The SPI is used to set device configurations, operating parameters, and read out diagnostic information. The device SPI operates in slave mode. The SPI input-data (SDI) word consists of a 16-bit word, with 8 bits command and 8 bits of data. The SPI output data (SDO) word consists of 8 bits of status register with fault status indication and 8 bits of register data. Figure 7-15 shows the data sequence between the MCU and the SPI slave driver.

GUID-93887A20-869C-4B65-98D0-54661E905F9F-low.gifFigure 7-15 SPI Transaction Between MCU and SPI version of the device

A valid frame must meet the following conditions:

  • The SCLK pin must be low when the nSCS pin goes low and when the nSCS pin goes high.
  • The nSCS pin should be taken high for at least 500 ns between frames.
  • When the nSCS pin is asserted high, any signals at the SCLK and SDI pins are ignored, and the SDO pin is in the high-impedance state (Hi-Z).

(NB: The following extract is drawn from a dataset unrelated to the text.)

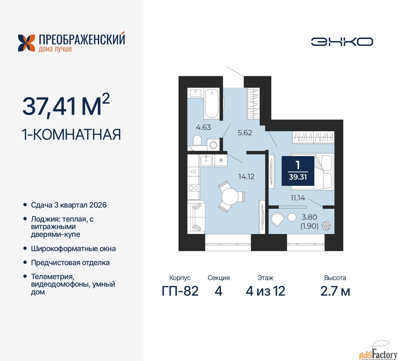 | Высота потолков (м.) | 2.7 |

  • Full 16 SCLK cycles must occur.
  • Data is captured on the falling edge of the clock and data is driven on the rising edge of the clock.

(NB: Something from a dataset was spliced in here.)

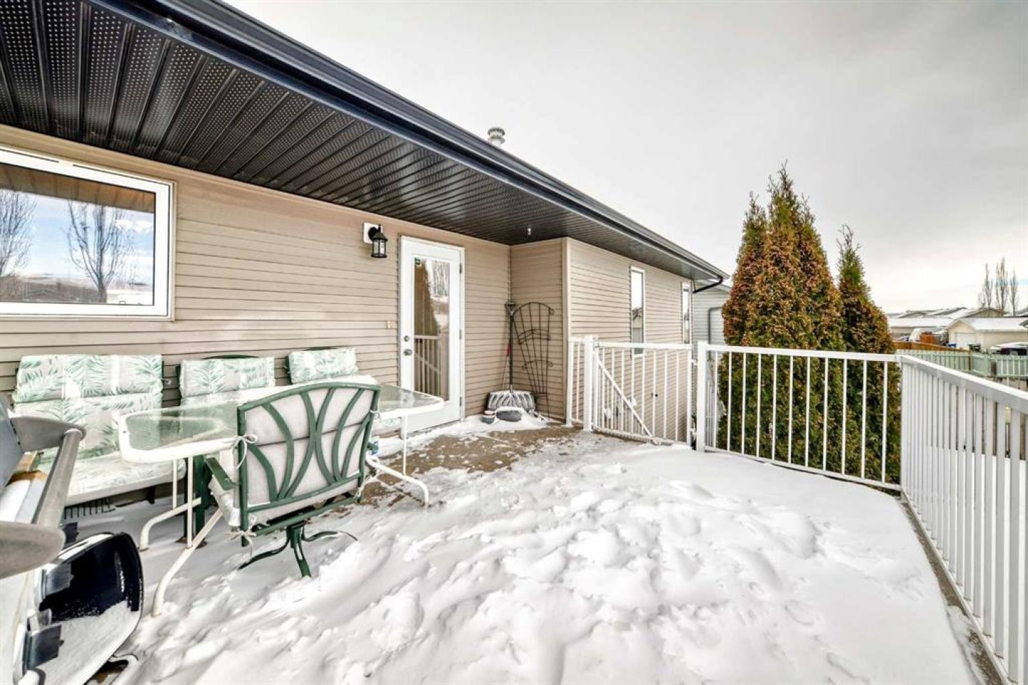 WELCOME to this terrific family home, perfectly situated on a highly desirable close. Designed with comfort and functionality in mind, this home features oak hardwood and tile flooring throughout the kitchen, front entry, and all bathrooms. The open-concept main living area is bright and inviting, highlighted by vaulted ceilings and a cozy gas fireplace in the living room—ideal for both everyday living and entertaining. The spacious kitchen offers an abundance of cabinetry, stainless steel appliances, a breakfast bar, and built-in cabinets and drawers for a convenient office or homework space, and features direct access to the deck, perfect for summer BBQs. The adjoining dining area provides plenty of room for family gatherings with an open floor concept to the living room. The main level includes three bedrooms, including a generous primary suite with a walk-in closet and a 3-piece ensuite. A full 4-piece bathroom completes the main floor. Downstairs, the fully developed basement offers exceptional living space with two additional bedrooms, a large family/rec room ideal for a TV or theatre area, and a 4-piece bathroom. The basement is roughed in for in-floor heating and central vacuum, with laundry conveniently located in the mechanical room. Outside, enjoy the fully fenced and landscaped backyard, complete with a fire pit for relaxing evenings. The maintenance-free deck features Duradek flooring and aluminum railings, making it both durable and stylish. With five bedrooms, multiple living areas, and a fantastic location, this home offers plenty of space for a growing family!

  • The most-significant bit (MSB) is shifted in and out first.
  • If the data word sent to SDI pin is less than 16 bits or more than 16 bits, a frame error occurs and the data word is ignored.
  • For a write command, the existing data in the register being written to is shifted out on the SDO pin following the 8-bit command data.